3. It is impossible to believe that this Kothri was used as a gaming house without their knowledge or without the permission of the two owners. Indeed the case for the prosecution is that these two persons had opened the gaming house and were running it. They certainly knowingly permitted the Kothri to be used and occupied by each other for the purpose of running a common gaming house. They have, therefore, been rightly convicted under Section 3 of the Act.

4. The second contention is that their conviction under Section 4 of the Act is bad inasmuch as it has not been proved that they were found gambling in the aforesaid gaming house. Reliance has been placed in support of this contention upon two decisions; one of them is a decision of the Chief Court of Punjab reported as: Fazal Ahmad v. Queen Empress, 35 Pun. Re. Cr. 1894 p. 118. It was held in that case that:

'Under Sections 4 and 6 of the Act the accused must actually be found in the house when the search is made. The Act nowhere makes the act of gambling, even in ascommon gaming-house, itself an offence; the offence is being found there when the house is lawfully searched.'

5. This decision was dissented from in the same Court the next year in the case of Lal Chand v. Queen-Empress 22 Pun, Re. Cr. 1895 p. 61 where after referring to it Rivaz J. observed:

'I agree with all that was said in that case except in the passage in the penultimate paragraph of the judgment at page 119, that seems to indicate that 'found in the house' means actually caught inside the house. I cannot doubt that a person is 'found in the house' within the true meaning of Section 4 of the Act, if he is actually seen gambling in the house before the police officer effects his actual entry, or is caught under circumstances which make it sufficiently clear that he was gambling in the house when the arrival of the police gave the alarm to its inmates even though he is actually arrested outside the house. The construction put upon a similar provision in Bombay is that: 'The section does not require that the accused should be actually arrested in the place where tha gaming has been going on. Regina v. Nana Moroji, 8 Bom. H. C. R. Cr. 1.

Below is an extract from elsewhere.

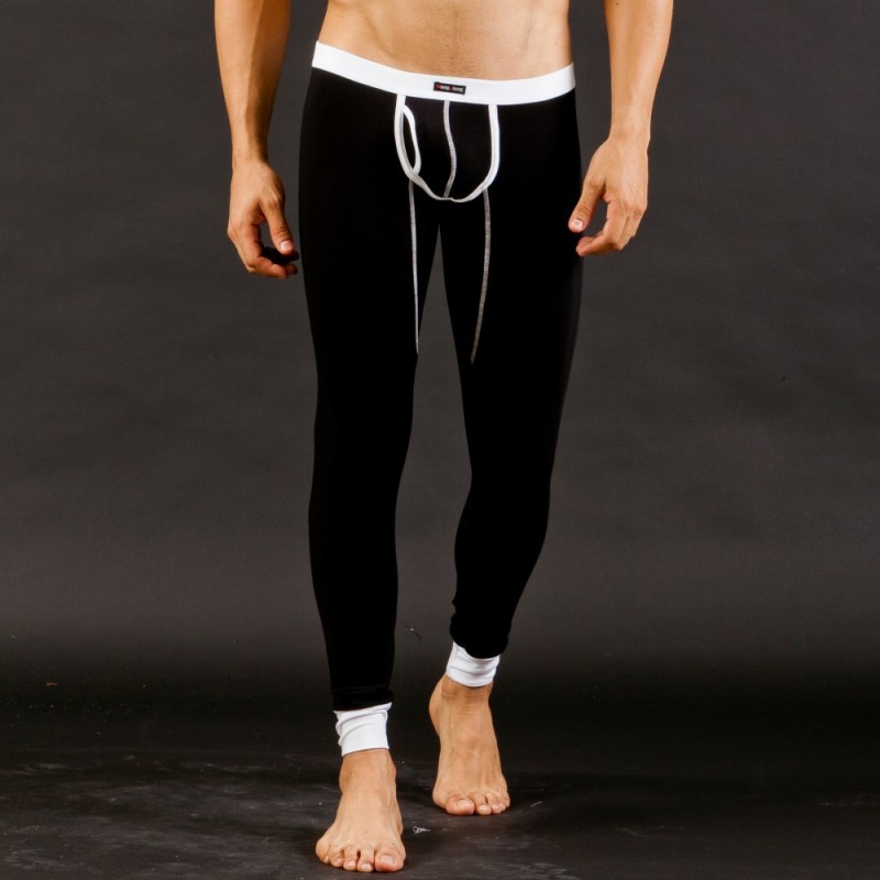 Black Men's winter thermal underwear modal sleep bottoms lounge pants #3002CK

6. The other case relied upon by the learned counsel is: Gurbux Singh v. Emperor, A. I. R. (25) 1938 Lah. 631 in which it was held that:

'The only crime under the Public Gambling Act is being found in the place where gambling is going on and it is no offence to gamble in a public place as long as a person is not found doing it. The persons not found in the place where gambling was going on cannot, therefore, be convicted under Section 4 of the Act.'

Lal Chand's case: (22) Pun. Re. Cr. 1895 does not appear to have been brought to the notice of the learnad Judge but it also does not decide anything against it. In my opinion Fazal Ahmad's case, (35 Pun. He. Cr. 1894) takes too narrow a view of Section 4 of the Act and Lal Chand's case correctly lays down the law.

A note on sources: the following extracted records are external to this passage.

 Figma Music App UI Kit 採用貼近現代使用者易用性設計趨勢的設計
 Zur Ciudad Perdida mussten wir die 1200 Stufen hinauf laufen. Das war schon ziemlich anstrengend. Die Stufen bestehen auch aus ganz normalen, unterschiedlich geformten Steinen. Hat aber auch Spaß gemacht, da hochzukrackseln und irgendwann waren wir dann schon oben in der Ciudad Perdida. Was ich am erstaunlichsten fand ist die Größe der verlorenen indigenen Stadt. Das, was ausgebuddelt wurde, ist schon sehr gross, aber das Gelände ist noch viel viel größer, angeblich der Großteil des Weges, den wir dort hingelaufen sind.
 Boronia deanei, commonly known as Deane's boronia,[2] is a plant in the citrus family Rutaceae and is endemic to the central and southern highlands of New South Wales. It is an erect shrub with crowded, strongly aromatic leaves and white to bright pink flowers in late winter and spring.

7. In the present case there is clear evidence of the sub-inspector that when he reached the spot he found that all the accused persons that were arrested were gambling. No doubt the sub-inspector states that as soon as he proceeded to the Kothri where the gambling was going on, the accused persons, including the applicant, rushed out of that Kothri. This does not mean that they were not found gambling when the raid was made. There is, thus, no force in this contention.

8. Lastly the counsel pleaded for the reduction of sentence. I do not consider that the sentence awarded is excessive in any way.

9. The application is, therefore, rejected. The order staying the realisation of fine is vacited.